* _About this task_
Every line of the material below needs to be copied exactly; omit the pictures.

* _Information shown_

----------

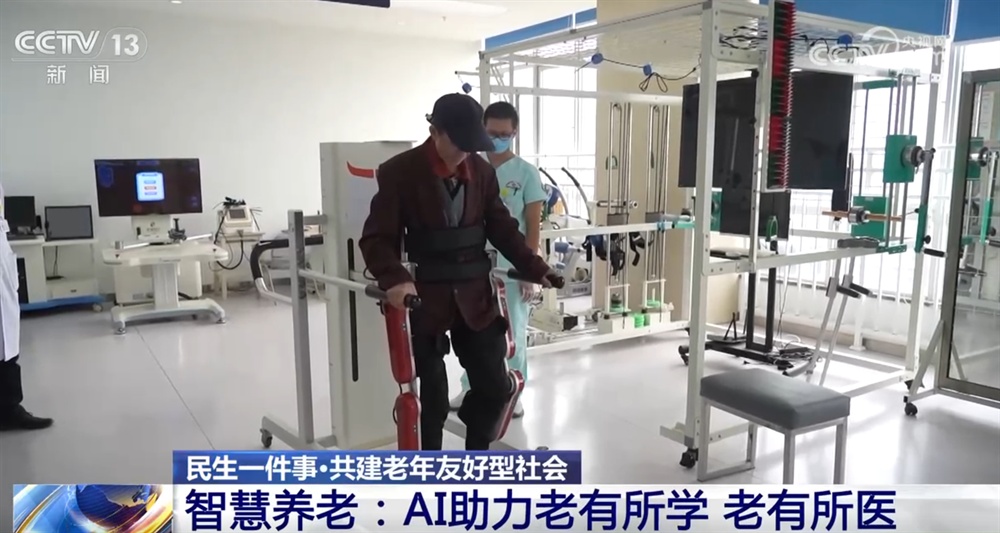 科技不僅賦能老年教育,也在助力老年健康。在成都市第八人民醫院,75歲的謝先坤老人正借助下肢外骨骼機器人開展恢復訓練,經過兩個多月的練習,他已經從臥床不起恢復到可以拄著拐杖獨立行走。
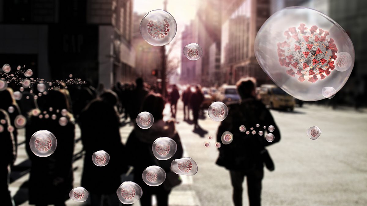 Photo: People walking in a US street with overlay an image of the coronavirus Credit: Getty Images
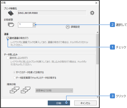 「連続連番印刷を行う」にチェックマークをつけ、印刷部数を指定します。
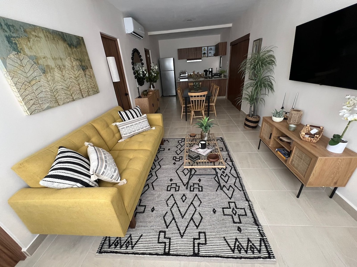 位於優越而低調的位置,是一個私密而安靜的空間。您的住宿將是美好而寧靜的。 位於著名的 Fracc. Reforma 區中心的私密安靜公寓。 兩間舒適的臥室(一間雙人床和一間單人床),主臥室有自己的浴室。 客廳、餐廳和廚房。 公寓距離海邊不到 10 分鐘(步行)。 該住宅區擁有市內最好的餐廳、咖啡廳和娛樂場所。

----------

* _Solved exercise_
 科技不僅賦能老年教育,也在助力老年健康。在成都市第八人民醫院,75歲的謝先坤老人正借助下肢外骨骼機器人開展恢復訓練,經過兩個多月的練習,他已經從臥床不起恢復到可以拄著拐杖獨立行走。
 Photo: People walking in a US street with overlay an image of the coronavirus Credit: Getty Images
 「連続連番印刷を行う」にチェックマークをつけ、印刷部数を指定します。
 位於優越而低調的位置,是一個私密而安靜的空間。您的住宿將是美好而寧靜的。 位於著名的 Fracc. Reforma 區中心的私密安靜公寓。 兩間舒適的臥室(一間雙人床和一間單人床),主臥室有自己的浴室。 客廳、餐廳和廚房。 公寓距離海邊不到 10 分鐘(步行)。 該住宅區擁有市內最好的餐廳、咖啡廳和娛樂場所。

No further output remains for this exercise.